12/11/08

Tristram y la canulle

El hombre, en su infinita ignorancia, es como el niño pequeño: vive convencido de que el universo fue inventado ayer, con sus animales y sus autovías asfaltadas, con el cielo, las lluvias, y la contaminación ambiental.
Es menester aclarar, muy especialmente a ciertas señoras y a algunos funcionarios públicos, que esto no es así. El mundo no fue inventado ayer, no depende de la imaginación de un sujeto en particular, y no va a desaparecer cuando ellos dejen de existir.
Un buen ejemplo de que el mundo nos precede es la obra de Lawrence Sterne “Vida y opiniones del caballero Tristram Shandy”. Considerada uno de los más importantes antecedentes de la novela moderna junto con obras como “El Quijote de la mancha”, el Tristram de Sterne, o mejor dicho sus capítulos iniciales, aparecen publicados por primera vez en el año 1759.
Podemos decir que, si alguna vez existió realmente el año 1759, es nuestro deber revisar las arcas de la historia universal para tenerlas en cuenta a la hora de acometer el presente y el futuro, no sea cuestión de andar repitiendo lo que ya está hecho, mucho menos los errores que ya fueron cometidos.
Entre las muchas cosas interesantes que componen la historia de Tristram Shandy, algunas son verdaderas joyas que merecen nuestra atención mejor predispuesta. Una de esas joyas es un pequeño documento que cita el autor, un brevísimo texto del médico holandés Heinrich van Deventer (1651-1727, fechas que con toda probabilidad han pasado por el calendario de la humanidad al igual que el día de ayer, aunque nos cueste creerlo).
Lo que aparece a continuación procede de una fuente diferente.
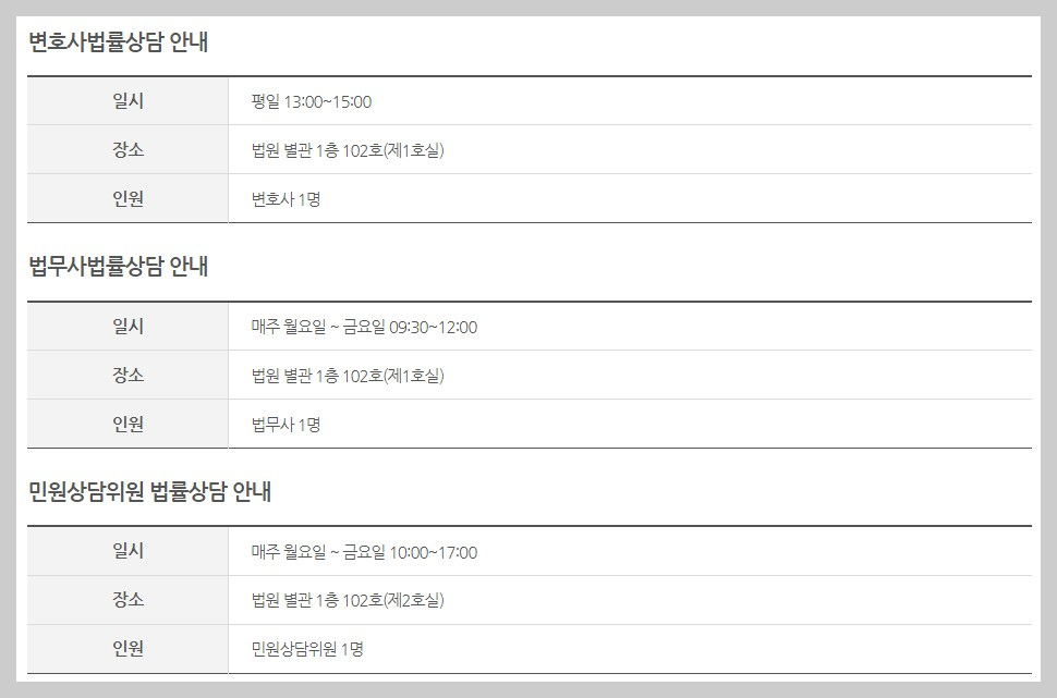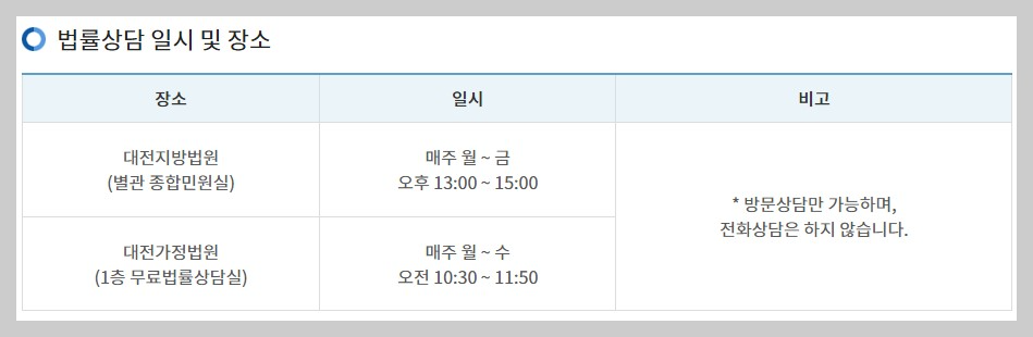 - 상담장소: 대전가정법원 1층 무료법률상담실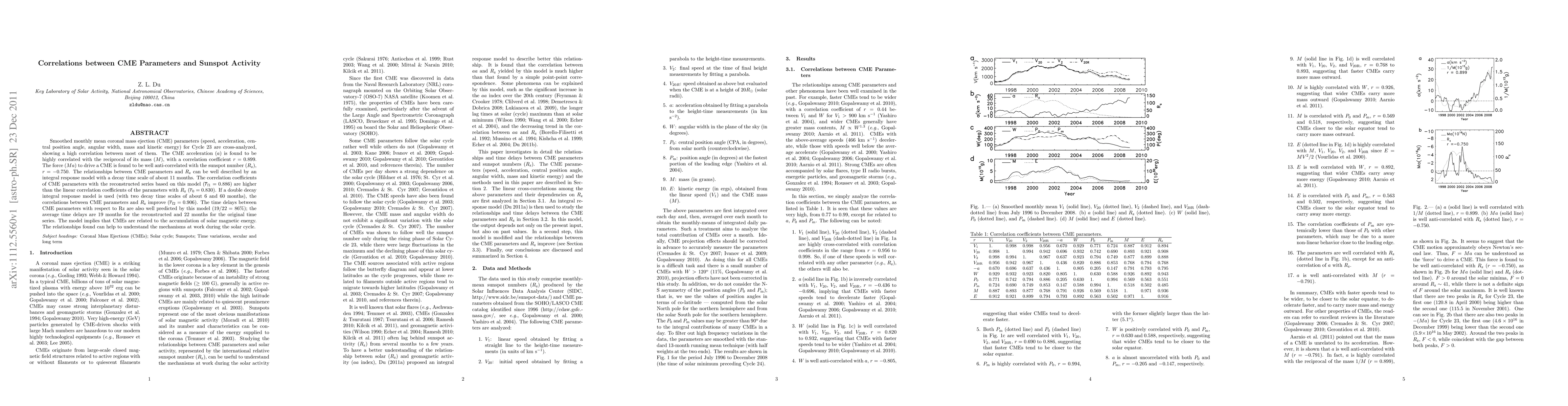 This study investigates correlations between coronal mass ejection (CME) parameters and sunspot activity during Cycle 23, finding high inter-correlations among CME parameters and a strong anti-correlation between CME acceleration and sunspot numbers. A double decay integral response model enhances the correlation between CME parameters and sunspot activity, suggesting CMEs are linked to solar magnetic energy accumulation.

El texto que menciona Sterne proviene de las “Observations importantes sur le manuel des accouchements”, redactadas por este señor Deventer.
¿Qué nos debiera interesar de un documento redactado por un médico holandés a principios del siglo XVIII? El hecho simple y evidente de que nuestros más arraigados prejuicios quedan patentes, y encuentran alguna explicación, en ese documento.
Heinrich van Deventer es, hasta donde mi muy limitada documentación me permite saberlo, uno de los primeros médicos ocupados en resolver un tema históricamente inherente a la fe y a la religión: ¿a partir de qué momento un ser humano puede ser considerado como tal? La preocupación no es vana, ya que si la persona en cuestión muere antes de convertirse en ser humano, por aquella época se creía que quedaba impedida para acceder al paraíso, y su alma sería condenada eternamente. Este debate, hasta la aparición de médicos como Deventer, se resolvía indiscutidamente según la opinión de Tomás de Aquino, santo según el cual una persona se convierte en ser humano al consumar el sacramento del bautismo (considerado un “nacimiento espiritual”), acto que solo puede realizarse después del nacimiento “carnal” del sujeto en cuestión. Ya que antes del parto el niño no puede, evidentemente, ser bautizado, si muere en el vientre de su madre no conseguirá plaza en el cielo.
Esta ha sido una importante preocupación del cristianismo en la historia de occidente, especialmente en épocas de poco desarrollo en el ámbito de la medicina, durante las cuales la muerte prenatal era mucho más común que en nuestros días, y la fe en la vida ultraterrena pesaba de otra manera en la vida de las personas. ¿Qué pasaba con los niños muertos antes de nacer? Santo Tomás decía “baptizari possunto nullo modo”, y los mandaba derecho al infierno.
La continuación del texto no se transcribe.